» TASK DESCRIPTION
Leaving the pictures aside, reproduce the data in full and word for word.

» DATA IN THIS EXERCISE
________

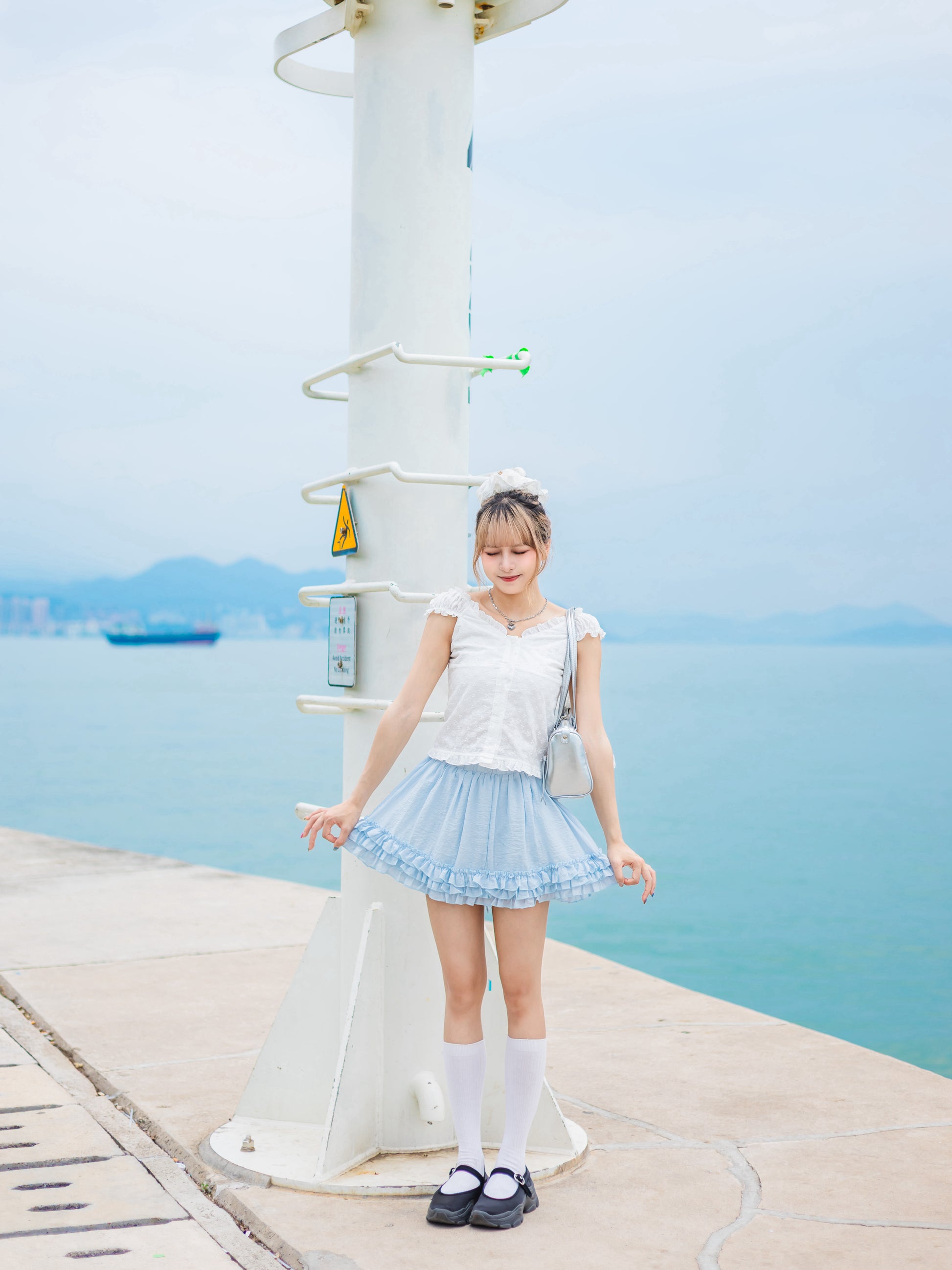 蕾絲小碎花韓系上衣:
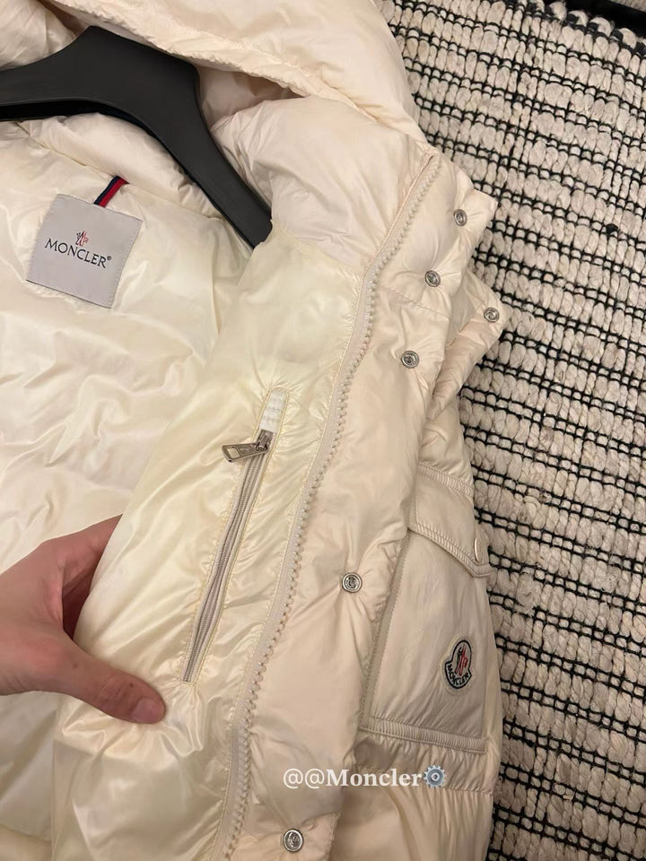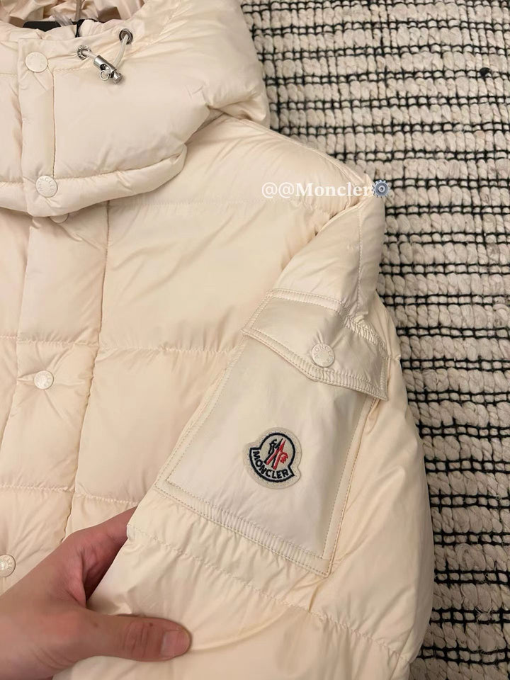 This short Parker down is made of longue Saion fabric, filled with functional details to ensure warmth and care. Featuring a detachable hood, zippered pockets, adjustable cuffs, and a snap up zipper flap placket. Sleeve embellishment with trademark. Adding a unique touch to the overall design while significantly improving the protective performance.
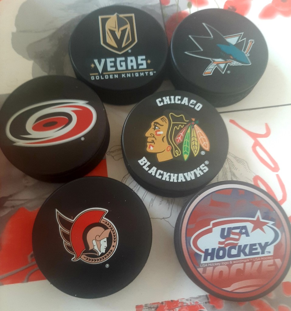 Si je possède une centaine de bibliographies liées au sport dans ma bibliothèque, j’ai également développé au fil des années une petite collection de palets (ou « pucks ») !
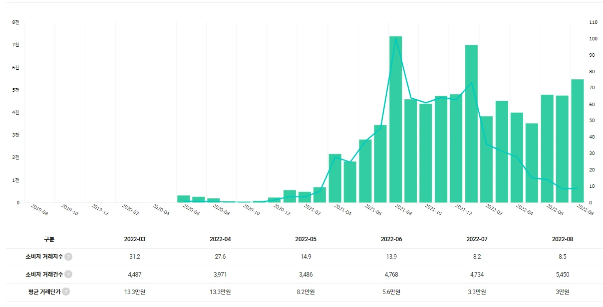 그러나 최근 데이터를 보면 긍정적으로만은 볼 수 없다. 위의 왼쪽 그래프는 엔라이즈의 소비자 거래지수 및 평균 거래단가를 나타낸 표다. 콰트만 따로 볼 수 있었으면 좋았겠지만 불가능하여 엔라이즈 전체의 통계를 가져왔다. 최근 3개월 동안 소비자 거래건수는 증가했으나 소비자 거래지수는 감소하였다. 물론 왼쪽 그래프가 콰트만의 통계가 아니기 때문에 확실한 분석은 불가능하다.
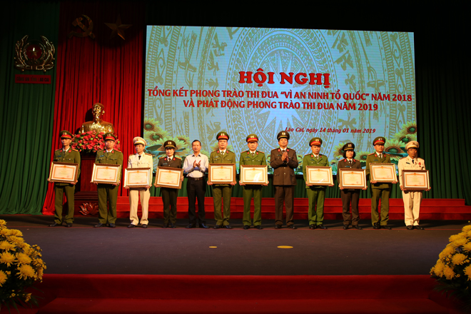 Cũng tại hội nghị, thừa sự ủy quyền của Bộ trưởng Bộ Công an, đồng chí Đại tá Trần Đức Việt đã trao tặng Cờ thi đua cho 4 tập thể, Danh hiệu Đơn vị Quyết thắng cho 11 tập thể và Danh hiệu Đơn vị Tiên tiến cho 13 tập thể đã có thành tích xuất sắc trong các mặt công tác Công an năm 2018.
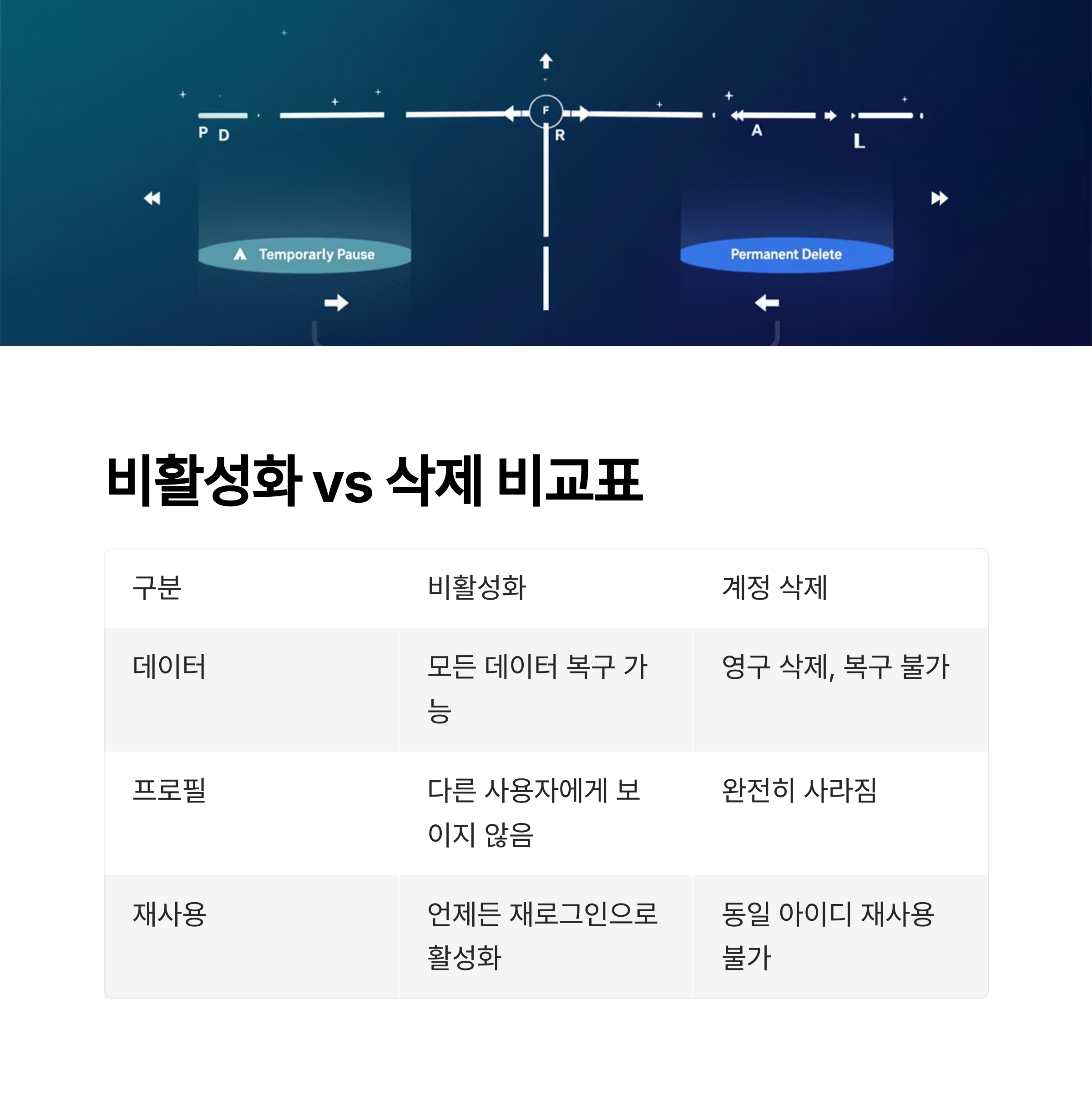 | 데이터 보존 | 일시적 숨김, 재활성화 시 모든 데이터 복구 가능 | 영구 삭제, 데이터 복구 절대 불가능 |
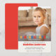 Élégante et élégante invitation à la cérémonie de remise des diplômes de maternelle. Grande photo centrale avec en-tête superposé des lettres de couleur mixte. Typographie et composition minimalistes modernes. Sophistiqué et jeune. Une magnifique invitation à célébrer une étape spectaculaire dans son parcours éducatif.
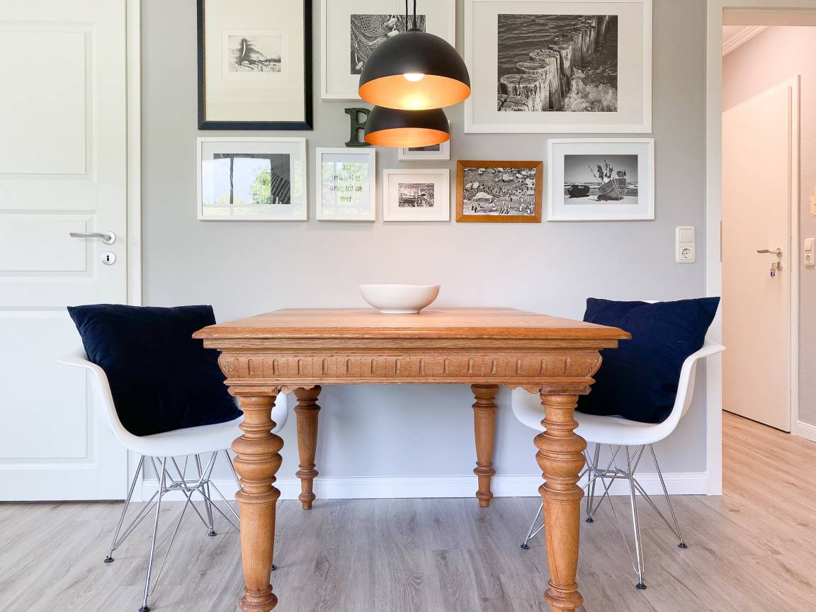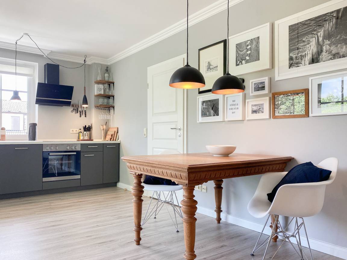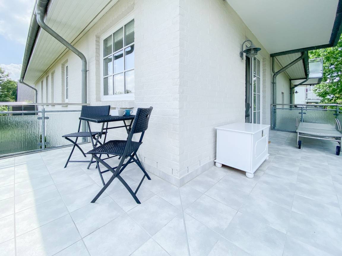 Klein aber fein, gespickt mit liebevollen Details und geschmackvoller Einrichtung präsentiert sich das kleine Piratennest für 2 Personen. Es erwartet Sie ein stylischer Wohnbereich mit Sofa, TV, Bluetooth Lautsprecher und kostenloses WLAN sowie ein Essbereich für 2 Personen. Die integrierte Küche ist bestens ausgestattet, unter anderem mit Spülmaschine, Backofen, Cerankochfeld und vielem mehr. Es ist gelungen jeden qm optimal zu nutzen und eine tolle Wohnatmosphäre zu schaffen. Der große, umlaufende Eckbalkon mit Sonnenliege, Tisch und 2 Stühlen bietet herrliche Ausblicke in den Kurpark. In dem gemütlichen sehr kleinen Schlafzimmer befindet sich ein hochwertiges Boxspringbett (160x200), das den Raum bereits fast ausfüllt und mit der einen Seite an der Wand steht. Das Fenster kann durch blickdichte Vorhänge verdunkelt werden. Für die Urlaubsgarderobe stehen Wandhaken und Schubladen im Schlafzimmer und Flur zur Verfügung, ein Kleiderschrank gehört nicht zur Ausstattung. Das Duschbad ist vom Flur zu erreichen. Eine Waschmaschine ist im Keller untergebracht und kann kostenfrei genutzt werden.

________

» ANSWER SPACE
 蕾絲小碎花韓系上衣:
 This short Parker down is made of longue Saion fabric, filled with functional details to ensure warmth and care. Featuring a detachable hood, zippered pockets, adjustable cuffs, and a snap up zipper flap placket. Sleeve embellishment with trademark. Adding a unique touch to the overall design while significantly improving the protective performance.
 Si je possède une centaine de bibliographies liées au sport dans ma bibliothèque, j’ai également développé au fil des années une petite collection de palets (ou « pucks ») !
 그러나 최근 데이터를 보면 긍정적으로만은 볼 수 없다. 위의 왼쪽 그래프는 엔라이즈의 소비자 거래지수 및 평균 거래단가를 나타낸 표다. 콰트만 따로 볼 수 있었으면 좋았겠지만 불가능하여 엔라이즈 전체의 통계를 가져왔다. 최근 3개월 동안 소비자 거래건수는 증가했으나 소비자 거래지수는 감소하였다. 물론 왼쪽 그래프가 콰트만의 통계가 아니기 때문에 확실한 분석은 불가능하다.
 Cũng tại hội nghị, thừa sự ủy quyền của Bộ trưởng Bộ Công an, đồng chí Đại tá Trần Đức Việt đã trao tặng Cờ thi đua cho 4 tập thể, Danh hiệu Đơn vị Quyết thắng cho 11 tập thể và Danh hiệu Đơn vị Tiên tiến cho 13 tập thể đã có thành tích xuất sắc trong các mặt công tác Công an năm 2018.
 | 데이터 보존 | 일시적 숨김, 재활성화 시 모든 데이터 복구 가능 | 영구 삭제, 데이터 복구 절대 불가능 |
 Élégante et élégante invitation à la cérémonie de remise des diplômes de maternelle. Grande photo centrale avec en-tête superposé des lettres de couleur mixte. Typographie et composition minimalistes modernes. Sophistiqué et jeune. Une magnifique invitation à célébrer une étape spectaculaire dans son parcours éducatif.
 Klein aber fein, gespickt mit liebevollen Details und geschmackvoller Einrichtung präsentiert sich das kleine Piratennest für 2 Personen. Es erwartet Sie ein stylischer Wohnbereich mit Sofa, TV, Bluetooth Lautsprecher und kostenloses WLAN sowie ein Essbereich für 2 Personen. Die integrierte Küche ist bestens ausgestattet, unter anderem mit Spülmaschine, Backofen, Cerankochfeld und vielem mehr. Es ist gelungen jeden qm optimal zu nutzen und eine tolle Wohnatmosphäre zu schaffen. Der große, umlaufende Eckbalkon mit Sonnenliege, Tisch und 2 Stühlen bietet herrliche Ausblicke in den Kurpark. In dem gemütlichen sehr kleinen Schlafzimmer befindet sich ein hochwertiges Boxspringbett (160x200), das den Raum bereits fast ausfüllt und mit der einen Seite an der Wand steht. Das Fenster kann durch blickdichte Vorhänge verdunkelt werden. Für die Urlaubsgarderobe stehen Wandhaken und Schubladen im Schlafzimmer und Flur zur Verfügung, ein Kleiderschrank gehört nicht zur Ausstattung. Das Duschbad ist vom Flur zu erreichen. Eine Waschmaschine ist im Keller untergebracht und kann kostenfrei genutzt werden.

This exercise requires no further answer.